Глубоко запавшие бесцветные глаза лихорадочно блестели и ежесекундно метались по лицам, сторонам и предметам, Митька, совершенно необъяснимо для себя, в какой-то миг почувствовал омерзение к этому человеку. Он попытался перебороть это чувство, воскресить в памяти что-либо светлое, доброе, смягчающее слова и поступки Николая, и… не мог. Затмевая и отодвигая все другие воспоминания, на первое место лезла последняя жуткая картина их скандала с Костей и слова последнего: «…звал меня к фрицам перебежать». Это воспоминание заставило Митьку вздрогнуть, как от удара током. И тут бегающие глаза Николая вдруг уперлись в Митьку, стали округляться и еще больше белеть.

— А, гаденыш, — донеслись хриплые звуки, и на губах забулькали пузыри. — Уже заложил? Продал? Гнида! Я тебя, дохлятину, выхаживал, а ты… с-с-сученок!

Митька задохнулся от обиды, злости и брезгливости. Кулаки его сами сжались так, что побелели костяшки пальцев. Он привстал, будто собираясь прыгнуть.

— Вы… вы, — ему уже не хотелось, он уже не мог заставить себя называть его дядей Колей. А как иначе назвать — не знал. — Вы… гадкий человек. — Митьку и здесь удерживала въевшаяся стеснительность, из-за которой он до сих пор не произнес ни одного грубого, бранного слова, ни одной похабности.

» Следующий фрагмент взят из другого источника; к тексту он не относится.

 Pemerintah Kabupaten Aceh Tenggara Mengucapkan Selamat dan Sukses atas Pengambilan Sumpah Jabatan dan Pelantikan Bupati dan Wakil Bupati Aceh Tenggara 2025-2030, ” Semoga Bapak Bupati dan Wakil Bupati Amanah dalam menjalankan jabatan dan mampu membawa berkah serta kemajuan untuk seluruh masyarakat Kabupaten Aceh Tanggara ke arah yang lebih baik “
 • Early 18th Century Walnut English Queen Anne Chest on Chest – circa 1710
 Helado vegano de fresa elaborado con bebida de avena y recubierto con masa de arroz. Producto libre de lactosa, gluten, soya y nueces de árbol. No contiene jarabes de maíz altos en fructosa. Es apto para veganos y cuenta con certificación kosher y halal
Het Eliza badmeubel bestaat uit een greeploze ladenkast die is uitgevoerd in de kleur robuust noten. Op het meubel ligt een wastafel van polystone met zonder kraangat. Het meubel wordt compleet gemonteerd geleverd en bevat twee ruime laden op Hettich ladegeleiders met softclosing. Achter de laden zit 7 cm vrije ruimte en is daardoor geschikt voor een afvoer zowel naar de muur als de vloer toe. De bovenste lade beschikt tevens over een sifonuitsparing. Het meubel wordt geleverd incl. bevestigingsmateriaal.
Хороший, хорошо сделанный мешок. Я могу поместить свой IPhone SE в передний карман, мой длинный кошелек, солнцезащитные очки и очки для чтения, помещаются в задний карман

Николай грязно выругался, сказал:

— Эх, не обварил я тебя, гаденыша, в бочке. Послушался, дурак, того ублюдка…

— Заткнись, гниль! — крикнул из угла Костя. Николай повернул голову в его сторону, зарычал:

— А, так и ты тут! Живой! Ну, сейчас твоя жизня и кончится. — И вдруг, как перед нырянием в воду глубоко вдохнув воздух, нечеловечески заверещал: — Вот его к стенке! Он дезертир! Гад! Палач! Фашист! Это он меня!

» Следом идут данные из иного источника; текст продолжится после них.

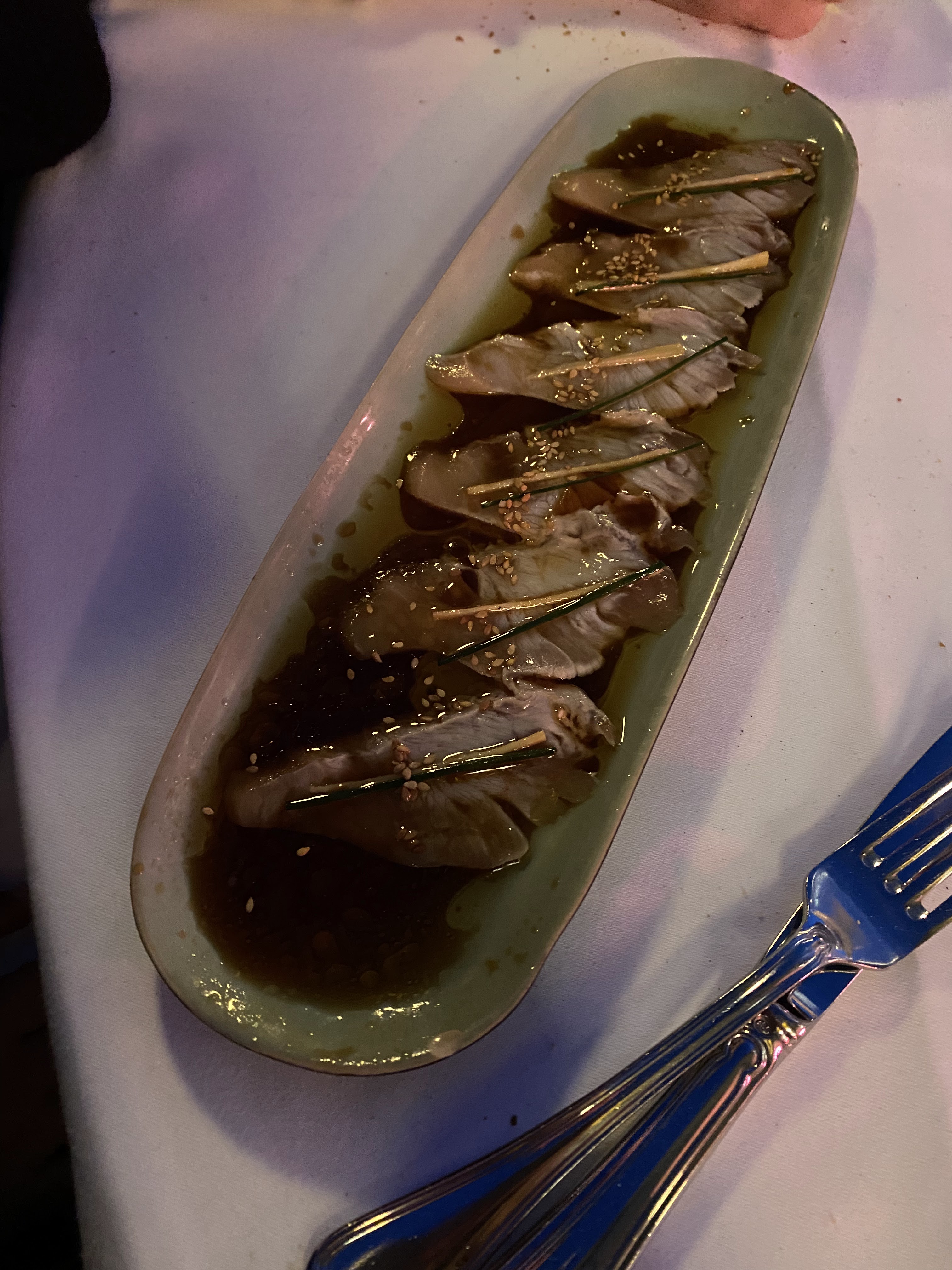 Superbe expérience absolue car tout était tellement délicieux! Le poulpe grillé est un incontournable et l'huître « noisette » était pleine de saveur. La seule chose c'est qu'il a plu le jour où j'y suis allé donc je ne me suis pas assis en terrasse mais c'était quand même un restaurant agréable où dîner. Je recommande fortement de réserver 1 à 2 semaines à l'avance car les disponibilités semblent être très limitées.

Николай припадочно забился в руках солдат. Майор вскочил со скамейки, крикнул:

— Уберите его отсюда! Обоих! Вон! Во двор! Стеречь!

Николая поволокли во двор. Костя спокойно, вперевалочку пошел следом. Митька тоже встал, шагнул к двери.

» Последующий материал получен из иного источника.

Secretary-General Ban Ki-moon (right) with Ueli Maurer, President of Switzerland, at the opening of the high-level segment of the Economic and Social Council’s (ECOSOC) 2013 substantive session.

— А ты сиди, шпендрик. С тобой еще поговорить хочу. Панькин! Где вы там, Панькин! Мне сегодня дадут поесть?!

Проворный Панькин подтащил увесистый вещмешок, развязал, достал и положил на стол яркую банку с американскими консервами, кусок сала, горбушку черного хлеба, большую, чуть приржавленную селедку, крупную золотистую луковицу, два яблока. Поставил кружку, фляжку. От всего этого шел одуряюще аппетитный запах, и Митька, забывшись, громко сглотнул заполнившую рот слюну.

Майор покосился на него, чуть улыбнулся, протянул руку, обхватил Митьку, привлек к себе:

— Изголодался, брат? Чем жил?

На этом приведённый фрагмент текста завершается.